§ Assignment:
Without the pictures, write the listing below out again, line for line.

BEGIN Given data

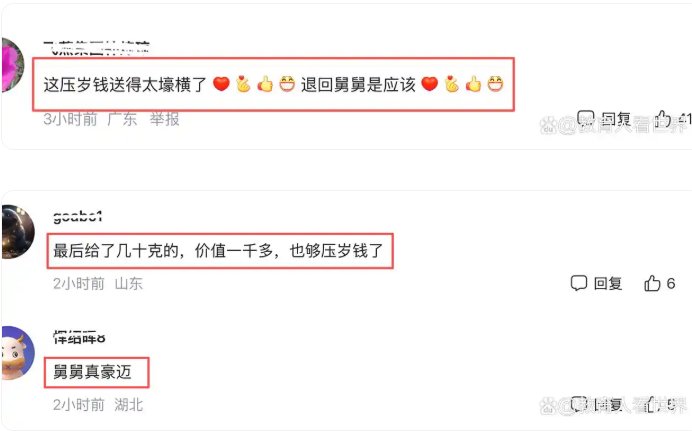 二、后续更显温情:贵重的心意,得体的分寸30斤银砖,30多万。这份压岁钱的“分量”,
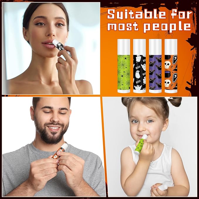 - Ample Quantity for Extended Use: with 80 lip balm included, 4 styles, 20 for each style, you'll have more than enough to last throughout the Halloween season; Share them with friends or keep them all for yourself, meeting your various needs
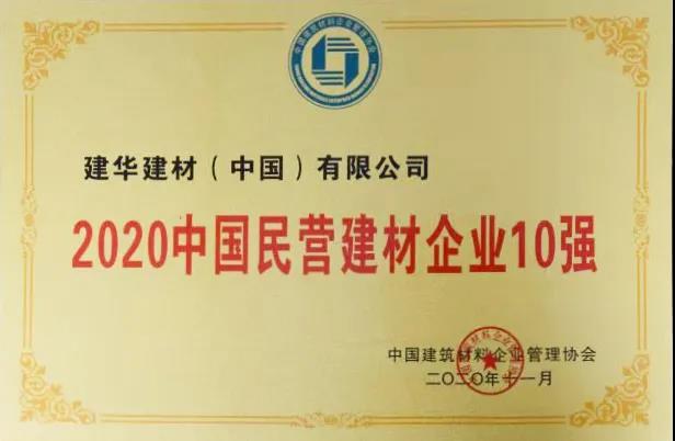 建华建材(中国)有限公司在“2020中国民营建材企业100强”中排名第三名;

END Given data

§ Response:
 二、后续更显温情:贵重的心意,得体的分寸30斤银砖,30多万。这份压岁钱的“分量”,
 - Ample Quantity for Extended Use: with 80 lip balm included, 4 styles, 20 for each style, you'll have more than enough to last throughout the Halloween season; Share them with friends or keep them all for yourself, meeting your various needs
 建华建材(中国)有限公司在“2020中国民营建材企业100强”中排名第三名;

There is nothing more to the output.